Hunt should listen to business leaders on the costly tourist tax
Can a relatively small change to VAT laws really cost the country as much as West End retailers suggest?
To the many of us who don’t choose our next weekend break on the back of a tax-break on our next Gucci handbag, the idea seems ludicrous. But there is a reason so many retailers and tourism chiefs are saying the same thing: it really does matter.
The removal of VAT-free shopping for foreigners ‘saves’ the Treasury £2bn – a not insignificant amount, but trifling in the grand scheme of the nation’s budget. But that £2bn, and the cockamamie way we develop tax policy, makes reversing the decision almost impossible: Treasury mandarins consistently state that should that £2bn disappear, it would mean “money we would need to find elsewhere to help fund.”
The offence to grammar rules aside, what this effectively means is that once an effective tax hike is on the books, getting rid of it means raising taxes elsewhere.
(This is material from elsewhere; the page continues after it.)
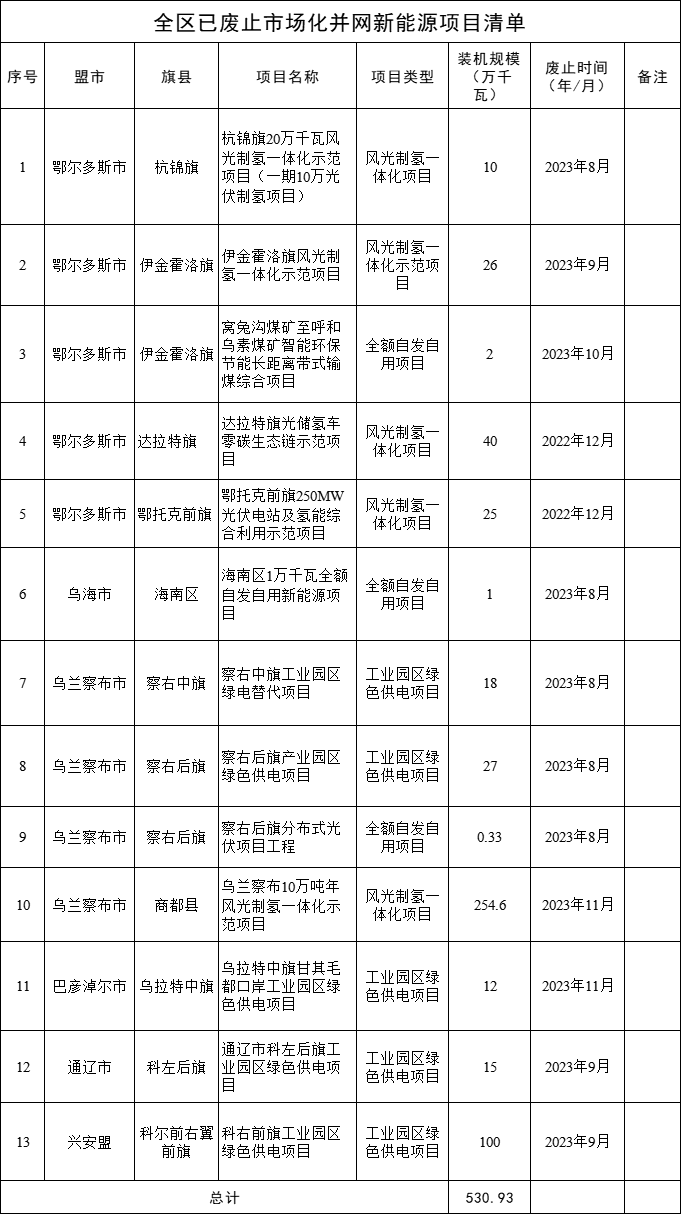 12月4日,內(nèi)蒙古自治區(qū)能源局對各盟市已廢止的市場化并網(wǎng)新能源項目進行了公告,合計13個項目,涉及裝機規(guī)模超530萬千瓦,項目清單如下:

That is how the tax ratchet works: once the government has its hands on your cash, foreigner or otherwise, there is precious little chance of it being handed back.
Apart from eternal vigilance on new taxes, what should we take away from the tourist tax debacle?
The good news is that it can be used as Exhibit A in every study of counter-productive tax hikes, not only nipping away at GPD but producing a lower level of revenue overall for the Treasury as fashion-loving, price-conscious tourists head for Paris or Milan.
The bad news is that current Treasury policy making has little time for evidence-based u-turns, nor indeed anything more substantive than tinkering round the edges.
More than a decade ago, the Conservative party came to power promising amongst other things to make the tax code less complicated. It has done the opposite. Only real reform of the whole code, from top to bottom, will deliver the change required now.
We shan’t hold our breath.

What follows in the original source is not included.